■ The task
Below are the records; repeat exactly their lines between the line holding "The Nest At Swiss - Lakefront Luxury In The Catskills is" and the line holding "副總裁張浩熙為獲獎(jiǎn", inclusive, skipping the pictures.
Input: Begin
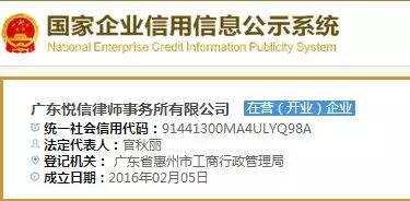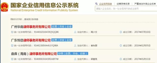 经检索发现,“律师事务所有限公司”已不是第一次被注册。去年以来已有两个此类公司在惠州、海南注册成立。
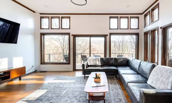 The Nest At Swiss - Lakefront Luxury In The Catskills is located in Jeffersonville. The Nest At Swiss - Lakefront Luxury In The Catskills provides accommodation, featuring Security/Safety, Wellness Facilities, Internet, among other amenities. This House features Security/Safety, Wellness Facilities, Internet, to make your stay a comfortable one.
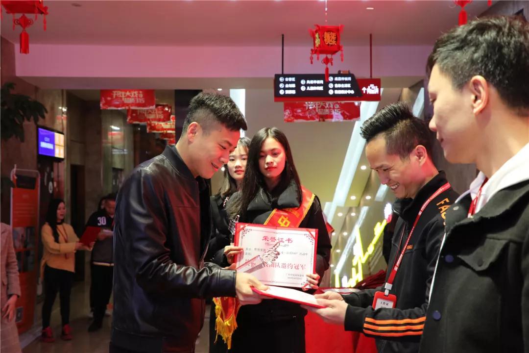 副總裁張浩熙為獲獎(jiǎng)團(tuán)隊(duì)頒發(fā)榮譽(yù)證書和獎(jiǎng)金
Input: End
Input: Begin
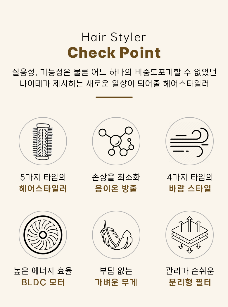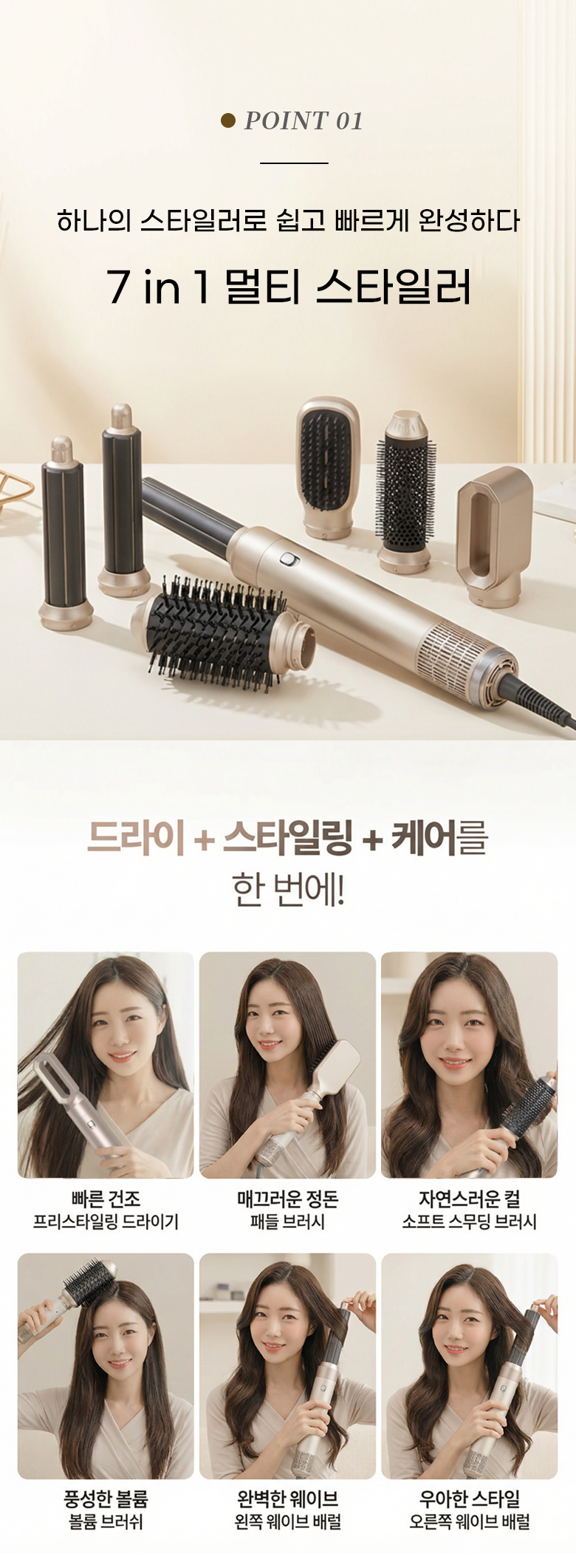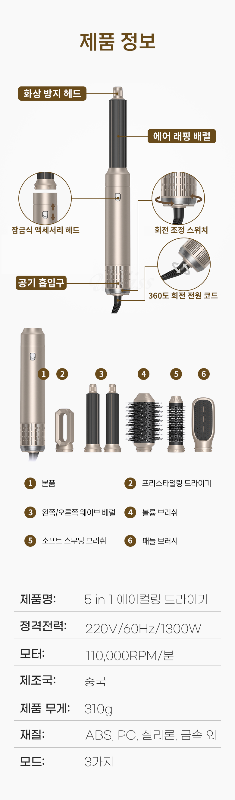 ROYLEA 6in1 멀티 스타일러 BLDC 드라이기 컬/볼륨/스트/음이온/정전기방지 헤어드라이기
Input: End
■ Written solution
 The Nest At Swiss - Lakefront Luxury In The Catskills is located in Jeffersonville. The Nest At Swiss - Lakefront Luxury In The Catskills provides accommodation, featuring Security/Safety, Wellness Facilities, Internet, among other amenities. This House features Security/Safety, Wellness Facilities, Internet, to make your stay a comfortable one.
 副總裁張浩熙為獲獎(jiǎng)團(tuán)隊(duì)頒發(fā)榮譽(yù)證書和獎(jiǎng)金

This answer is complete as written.